After a few minutes I stopped and listened. There was no sound of pursuit, no crashing of the underbrush. They must have decided against following us into the enclosure. We were safe.

Which meant, precisely, that we were
un
safe. I'd chosen not to escape a country heading into civil war. And for the time being, at least, we were stuck in a paddock with wild animals. Animals that had almost killed Pweto. The enormity of what I'd rashly committed myself to set in.

Young bonobos were mischievous and charming, but the adults were a different story. The only person who could safely enter the enclosure was my mother. Even Patrice always had assistants to back him up, and a tranquilizer gun.

The ground was muddy everywhere, so for the sake of my pants I stayed standing with Otto, rocking him back and forth and humming. I heard, from somewhere distant, the calls of the adult bonobos coordinating their foraging. I listened for something approaching, either peacekeeper or ape, but the jungle was quiet — well, as quiet as it could be, what with the constant squawks of
birds and the repetitive ringing of the insects, like a demented show choir with sleigh bells.

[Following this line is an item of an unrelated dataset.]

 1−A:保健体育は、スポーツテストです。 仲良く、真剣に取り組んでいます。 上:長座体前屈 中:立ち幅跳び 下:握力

After a few minutes Otto fussed to get down from my arms and started exploring the overgrowth. He peeled back pieces of rotting bark and delighted at the beetles and grubs he uncovered beneath, some of which he chose to crush and some of which he chose to eat, through some mysterious bonobo logic.

I couldn't get my mind to calm, not without knowing what was happening on the other side of the fence. It had been years since I'd climbed a tree, but I figured that if I got high up I could see whether the van had left. There was an ancient tree nearby with many well-placed branches and rough bark that should give my feet traction between the slick patches of moss. It also had thick foliage for hiding in case someone came in to get me. I started climbing.

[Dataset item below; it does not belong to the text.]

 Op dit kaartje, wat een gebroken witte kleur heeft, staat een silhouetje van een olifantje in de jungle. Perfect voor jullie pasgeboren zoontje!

At first Otto stayed at the bottom of the tree and called up to me. I worried he wouldn't follow, that he'd cry and I'd have to go down and get him. But then he started up and was soon way above me, reclining at the top of the tree and killing time until I arrived. Huffing, arms aching, I finally swung around the final branch. I was covered in a fine green film and tiny ants, which I brushed off as best I could. Bracing my feet against two branches, I looked out.

The driveway was empty, two brown tire tracks streaking through the white gravel. The UN van was gone.

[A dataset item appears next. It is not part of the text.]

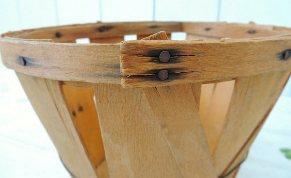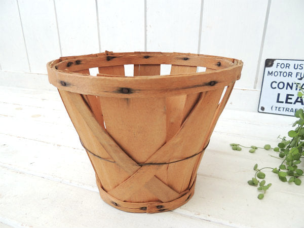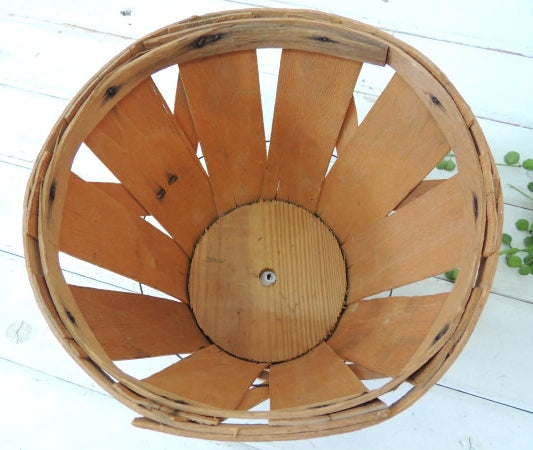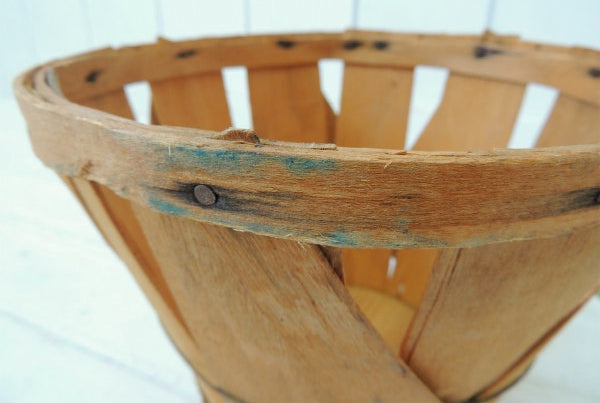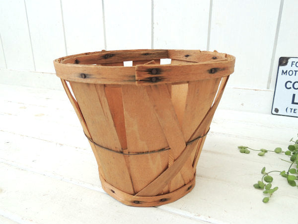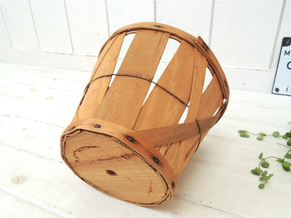 木製・アンティーク・アップルバスケット/ウッドバスケット/ラウンドバスケット USA

I hoped the evacuees would remember my name long enough to get word to my father.

Then I realized I was smelling smoke. I pivoted and saw whorls rising from the village next door. A curling and greasy black, curiously sweet, pluming from burning homes.

The village was on fire.

Nearby was a cluster of men wearing mismatched uniforms, the greens, grays, and blues almost indistinguishable from my
distance. They walked through the center of town, stepping over piles of clothes.

No, not piles of clothes. Bodies.

I squinted, trying to see anything more, even as a surge of fear made it hard for me to process anything. The men had blades at their sides and were sifting through abandoned homes before setting them on fire. One had a piece of burning thatch in his hand and was carrying it from home to home.

Barely aware of my own hands and feet, I hurried down the tree. I had to warn Patrice and the rest of the staff that whoever set fire to the village might be at the sanctuary next.

The fighting had come nearby after all. And I hadn't taken the UN vehicle.
Idiot!

After hitting the ground, I ran toward the enclosure exit, Otto springing to my back, riding jockey-style.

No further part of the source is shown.